(Stored data entries)
*****

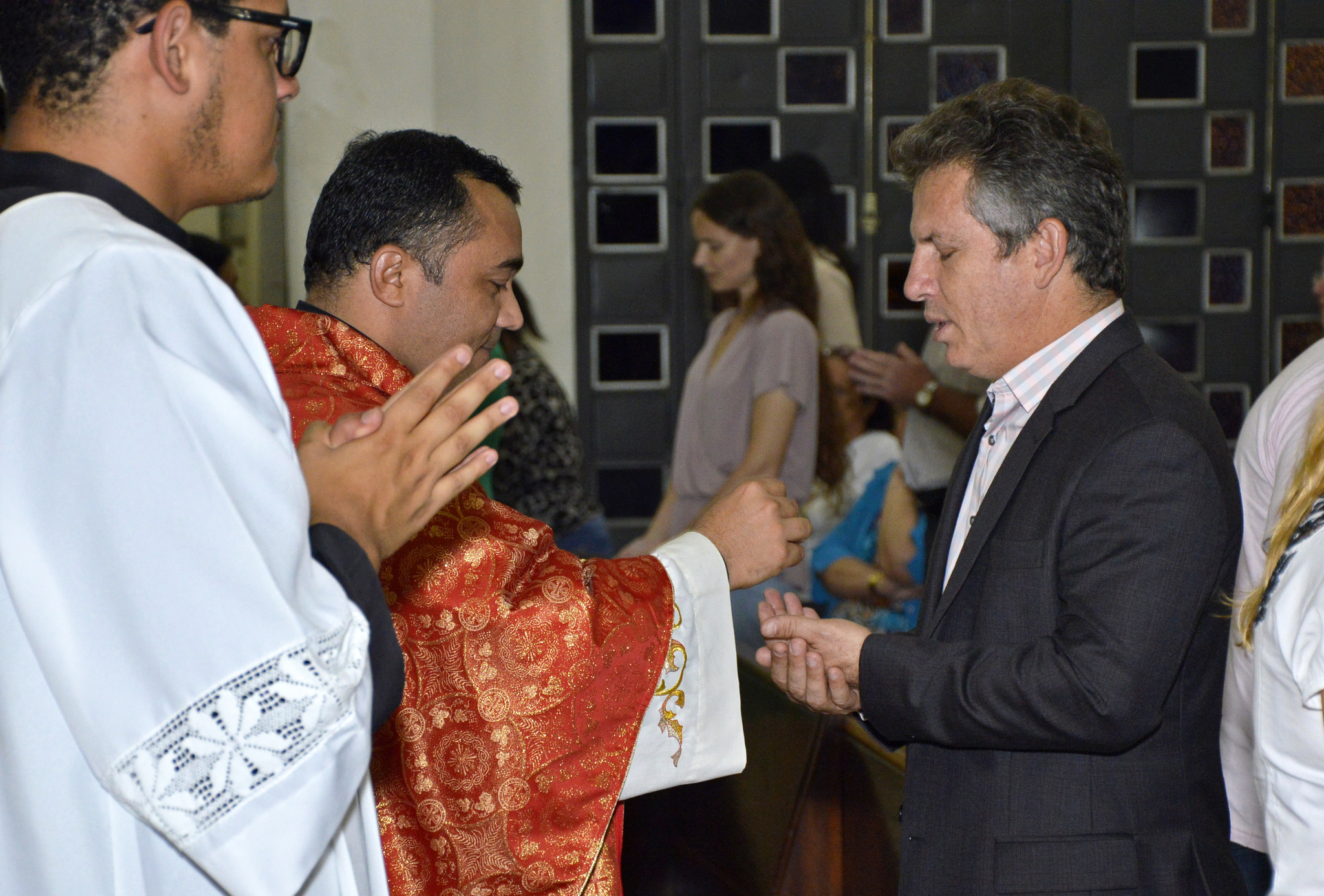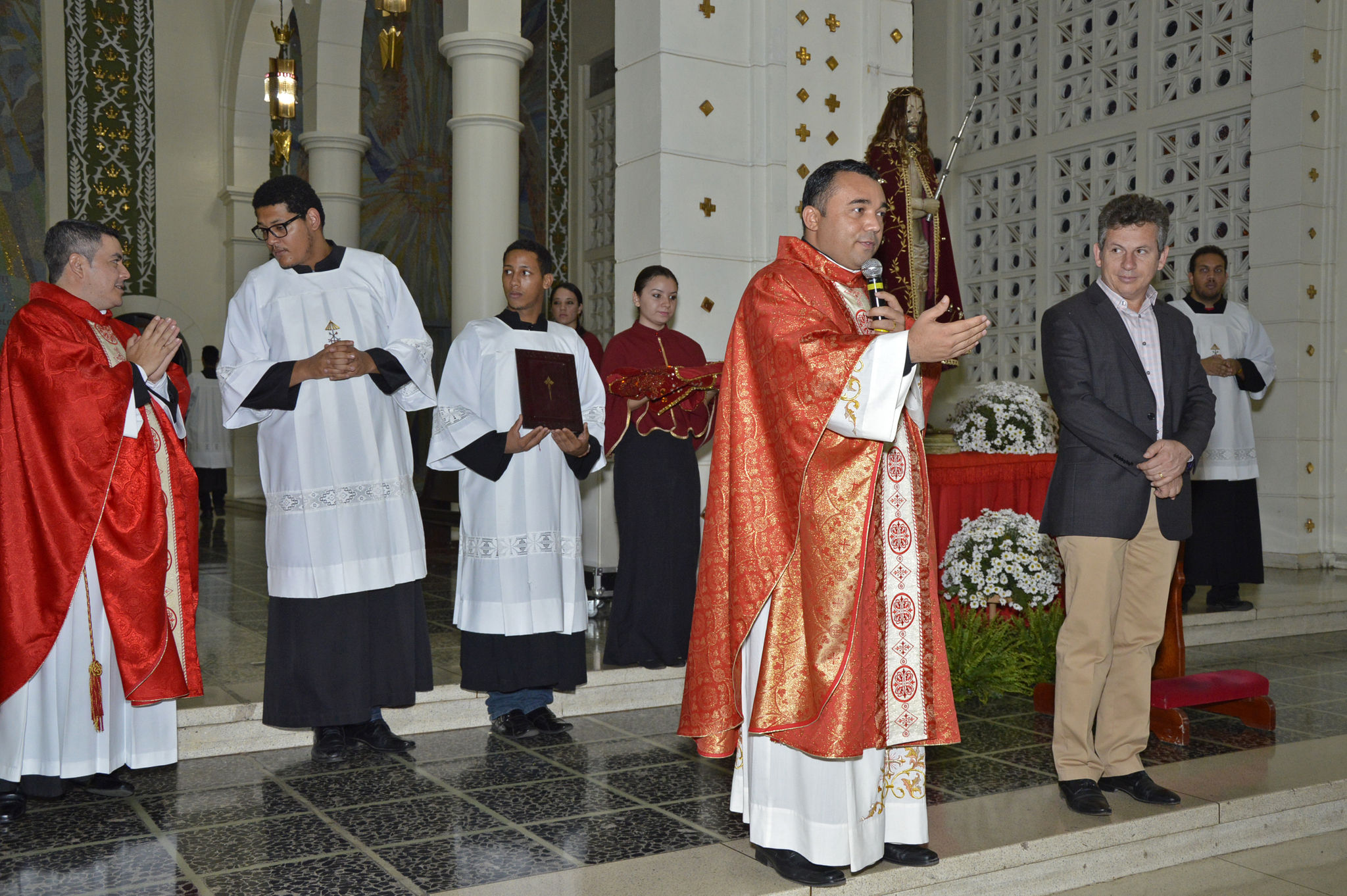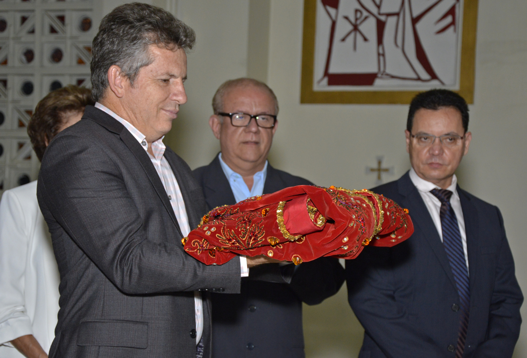 O prefeito Mauro Mendes recebeu na noite de segunda-feira (14) o manto que cobre a imagem do Senhor Bom Jesus de Cuiabá, padroeiro da capital. A entrega foi feita na Catedral Metropolitana pelo padre Edimilto Mota e faz parte da tradição cuiabana há quase 300 anos.
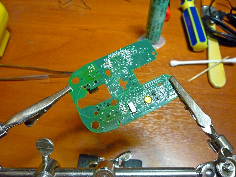 Новые кнопки установлены. Текстолит очень тонкий, поэтому выпайку старых кнопок пришлось осуществлять очень аккуратно феном паяльной станции с плавным повышением температуры и умеренным потоком воздуха.
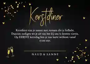 - Voeg feestelijke details toe: denk aan illustraties van kerstbomen, sterretjes, sneeuwvlokken of wijnglazen.
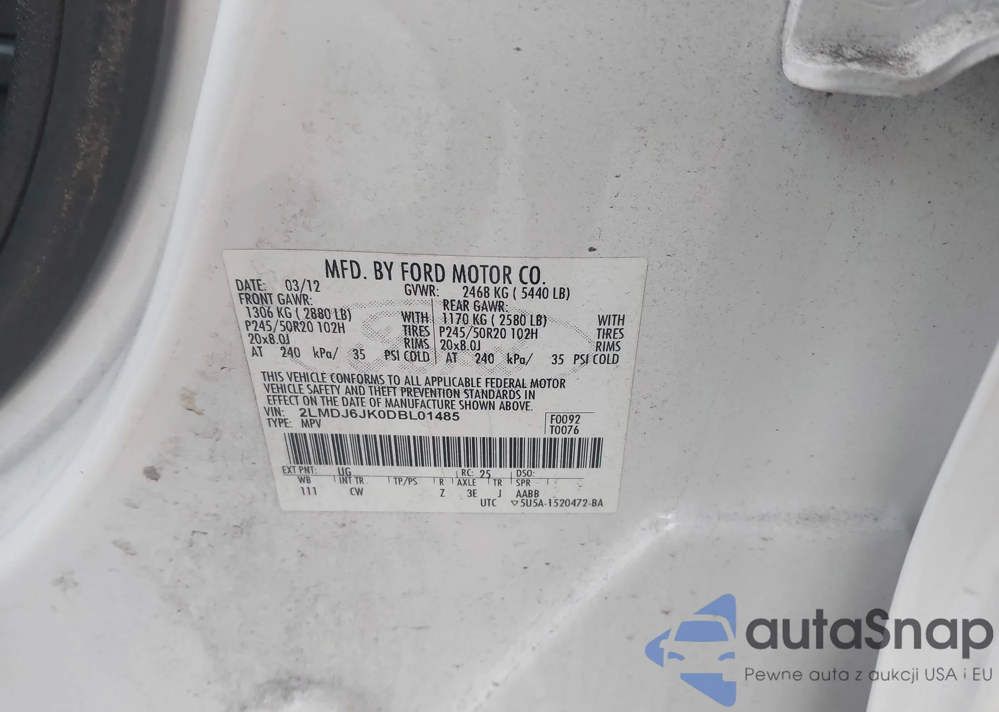 LOT: 42399089 VIN: 2LMDJ6JK0DBL01485
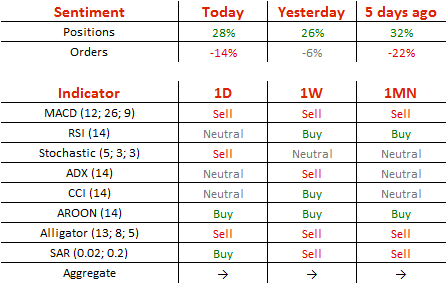 "我们在1.05,是一个很狭窄的范围。"- Alan Ruskin, global co-head of foreign-exchange research in New York at Deutsche Bank(基于:Bloomberg) 货币对展望 昨日,欧元兑美元向上突破5日均线后遇阻回落,测试7月低点1.0952主要支撑位,但未能下破,收了带有上下影线的小阴线。目前,中长期走势以低位宽幅震荡为主,短期趋势偏空,但4小时MACD出现底背离,因此不排除震荡反弹的可能性。今日,上方关注昨日高点1.1005阻力位,下方关注1.0952主要支撑位。如果向上突破昨日高点,汇率将会向10日均线靠拢;但如若跌破7月低点,欧元/美元将逐步跌至英国退欧公投当日低点1.0911。今日关注欧洲央行利率决议和欧洲央行行长德拉基的新闻发布会。 交易者情绪 今日,多头头寸增加2%,至56%;卖单增加了1%,至58%。
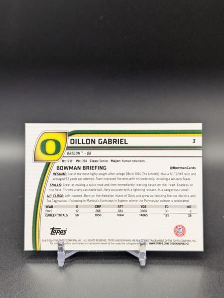 2024 Bowman University Chrome Purple Refractor Dillon Gabriel /399 Purple

*****

**What the task requires:**
Leave out the pictures and output the rest of the records exactly.

**Answer box:**
 O prefeito Mauro Mendes recebeu na noite de segunda-feira (14) o manto que cobre a imagem do Senhor Bom Jesus de Cuiabá, padroeiro da capital. A entrega foi feita na Catedral Metropolitana pelo padre Edimilto Mota e faz parte da tradição cuiabana há quase 300 anos.
 Новые кнопки установлены. Текстолит очень тонкий, поэтому выпайку старых кнопок пришлось осуществлять очень аккуратно феном паяльной станции с плавным повышением температуры и умеренным потоком воздуха.
 - Voeg feestelijke details toe: denk aan illustraties van kerstbomen, sterretjes, sneeuwvlokken of wijnglazen.
 LOT: 42399089 VIN: 2LMDJ6JK0DBL01485
 "我们在1.05,是一个很狭窄的范围。"- Alan Ruskin, global co-head of foreign-exchange research in New York at Deutsche Bank(基于:Bloomberg) 货币对展望 昨日,欧元兑美元向上突破5日均线后遇阻回落,测试7月低点1.0952主要支撑位,但未能下破,收了带有上下影线的小阴线。目前,中长期走势以低位宽幅震荡为主,短期趋势偏空,但4小时MACD出现底背离,因此不排除震荡反弹的可能性。今日,上方关注昨日高点1.1005阻力位,下方关注1.0952主要支撑位。如果向上突破昨日高点,汇率将会向10日均线靠拢;但如若跌破7月低点,欧元/美元将逐步跌至英国退欧公投当日低点1.0911。今日关注欧洲央行利率决议和欧洲央行行长德拉基的新闻发布会。 交易者情绪 今日,多头头寸增加2%,至56%;卖单增加了1%,至58%。
 2024 Bowman University Chrome Purple Refractor Dillon Gabriel /399 Purple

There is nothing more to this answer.